## WORK REQUIRED:
If pictures appear in the lines below, skip them and copy exactly the lines from the one containing "US plan assets as" through the one containing "SimPlayer SP2040-14 14-Button", and nothing else.

## INPUT DATA:
---*---

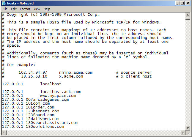 A Low Tech Approach to Web Site Access Prevention: So - you fake your computer out by telling it that the address of a questionable web site is 127.0.0.1. The address 127.0.0.1 is a special address - it is the loop-back address of your own computer. Regardless of what address your Internet Service Provider assigns you, your computer's internal address is always 127.0.0.1. When you tell the HOSTS file that the address of a questionable web site, such as www.badpornsite.com is actually 127.0.0.1, your web browser will try to go to that address, find out it is not a web server, and simply display the plain white "Page not found" error that you get when you try to go to a web site that doesn't exist. I'm not necessarily trying to pick on MySpace, by the way - but they have been singled out lately as one of the most popular sources that many online predators look to for victims, so I have chosen to simply use it as an example if you wish to block it on your system.
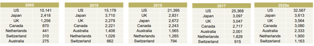 US plan assets as a percentage of GDP grew from just above 100% in 2010 to 157% in 2020. US plan assets from 1996-2005 averaged just 70% of GDP, so the relative amount of savings has doubled from 2005 to 2020.
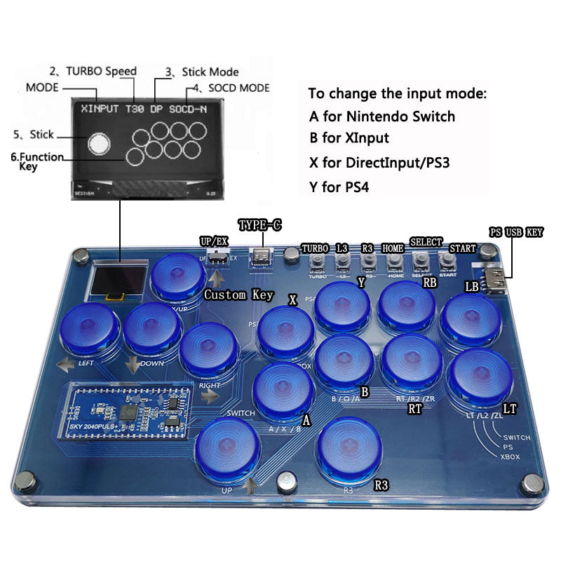SimPlayer SP2040-14 14-Button Hitbox Arcade Controller with 2 UP Buttons (Transparent Blue Keycaps)
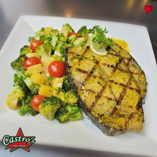 Castro's grilled fish and salad offers a delicate, flaky fillet paired with a vibrant, freshly tossed salad. A wholesome and flavorful option that's as nourishing as it is delicious.

---*---

## RESULT OF THE EXERCISE:
 US plan assets as a percentage of GDP grew from just above 100% in 2010 to 157% in 2020. US plan assets from 1996-2005 averaged just 70% of GDP, so the relative amount of savings has doubled from 2005 to 2020.
SimPlayer SP2040-14 14-Button Hitbox Arcade Controller with 2 UP Buttons (Transparent Blue Keycaps)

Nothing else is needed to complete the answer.